Pavy strongly favoured the view that diabetes is due to a faulty action of the liver in not preventing the sugar which is brought to it by the portal vein from reaching the general circulation.
The essential difference between the theories of Bernard and Pavy in regard to the glycogenic function of the liver concerns merely the final destination of the glycogen. Both agree as to the primary conversion of sugar from the portal vein into glycogen, but while Bernard believed that the glycogen is reformed into glucose and consumed in the tissues, Pavy held that the normal use of glycogen is in the formation of fat.
Pavy believed that a small amount of sugar may be absorbed by the lacteals during the digestion of sugars or starches passing through the thoracic duct directly into the venous circulation without entering the liver. This he considered a normal condition. It, however, requires the use of far more delicate tests than those commonly employed in clinical work to detect the minute traces of sugar in the urine which Pavy claimed are normally present.

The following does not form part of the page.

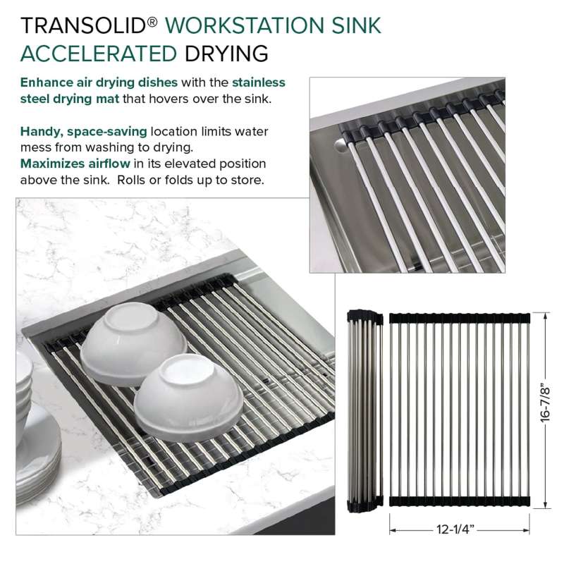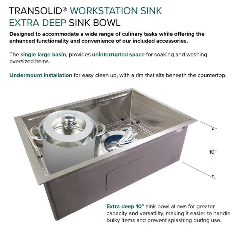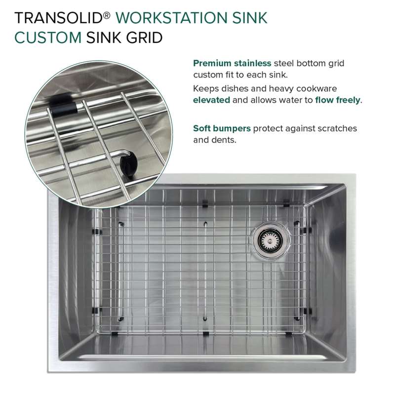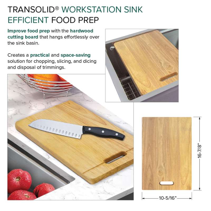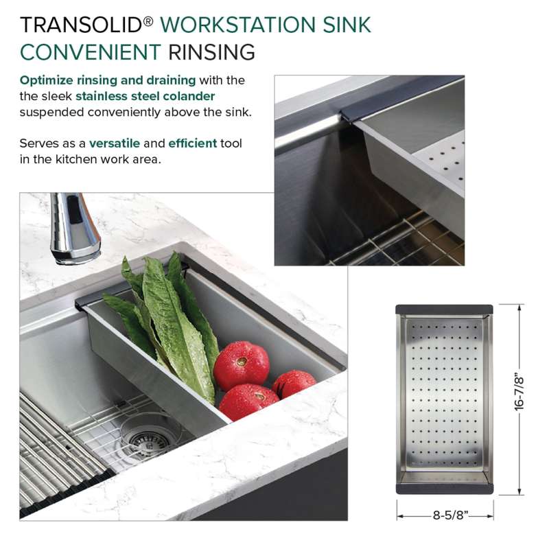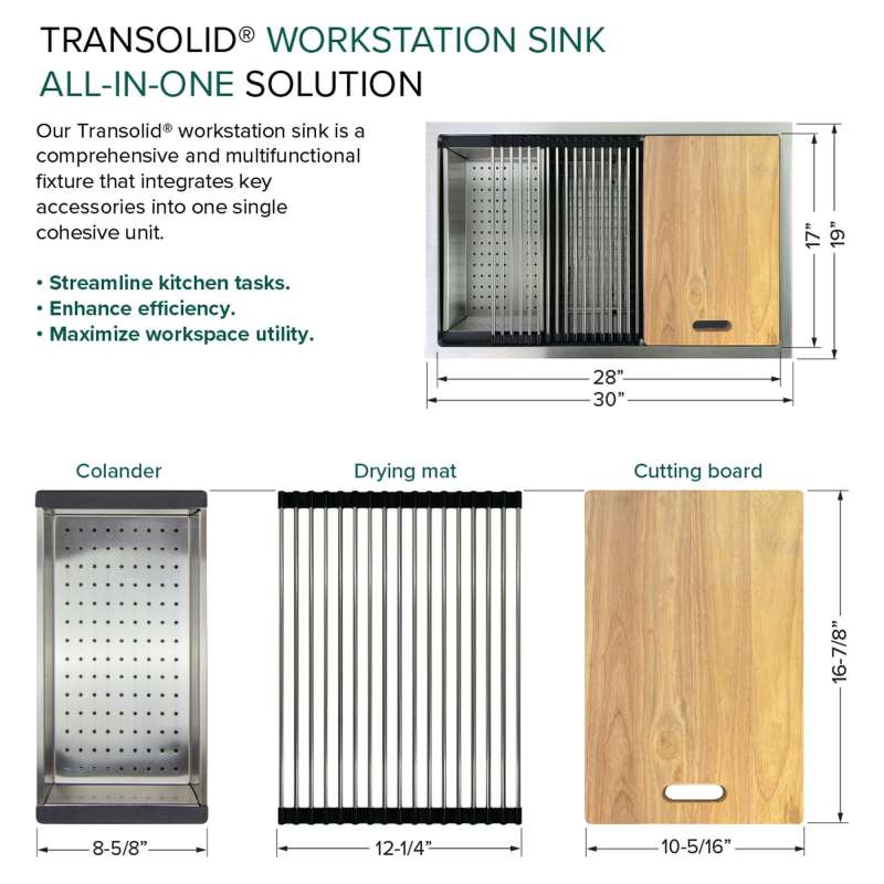 Transolid Kitchen Workstation Sinks redefine culinary convenience. This all-in-one solution includes a sink crafted from 18-gauge 304 stainless steel with a premium brushed finish and custom-fitted accessories. Its clever design optimizes sink space with a ledge for the colander, roller mat, and cutting board. Enjoy a quiet culinary experience thanks to the 5mm sound deadening pads. Let Transolid economically elevate your kitchen with efficiency and style.

Pavy has propounded another ingenious theory to account in part for diabetes, even though other theories be not wholly abandoned, It is that the intestinal epithelium of the villi ordinarily exerts a sort of glandular control over the sugar absorbed from the bowel, and converts it into glycogen and fat as it reaches the blood. Failure to perform this function results in the production of glycosuria. This failure, Pavy holds, is due primarily to faulty nerve action affecting the calibre of the arterioles and capillaries with hy-peroxidation, which favours the too rapid conversion of carbohydrates into glucose, causing glycosuria. This theory has been somewhat severely criticised by Paten, and is opposed to Seegen's views, but it does not exclude belief in the storage of carbohydrates as glycogen in the liver - it is merely accessory to it.
If the liver of an animal be rapidly excised and cut into small fragments to prevent further fermentation, it will be found on analysis to contain sugar in a small proportion which varies, according to different observers, between 0.2 and 0.6 of 1 per cent (Bernard and Seegen); hence but little sugar is to be found in the liver during life, or immediately after death, and it has been suggested by Flint that whatever sugar may be found is immediately washed out by the hepatic blood stream. If the excised liver be not boiled, but be allowed to remain at the body temperature for some minutes, or if the portal circulation be suddenly cut off while the liver remains in the body, it is found that the formation of sugar continues for at least an hour, owing to a process of fermentation which produces it from glycogen. From these and other experiments it is believed that the glycogen stored in the liver is constantly but gradually converted into sugar, which is carried off in the general circulation in such small quantities that it is often difficult to detect its presence in the blood.
Glycogen is found in the muscles, and in some other tissues of the body, and it has been suggested that sugar might be formed in the blood vessels, quite independently of the liver, by a ferment carried in the blood, but the hepatogenous origin of the glucose is the view generally accepted at present.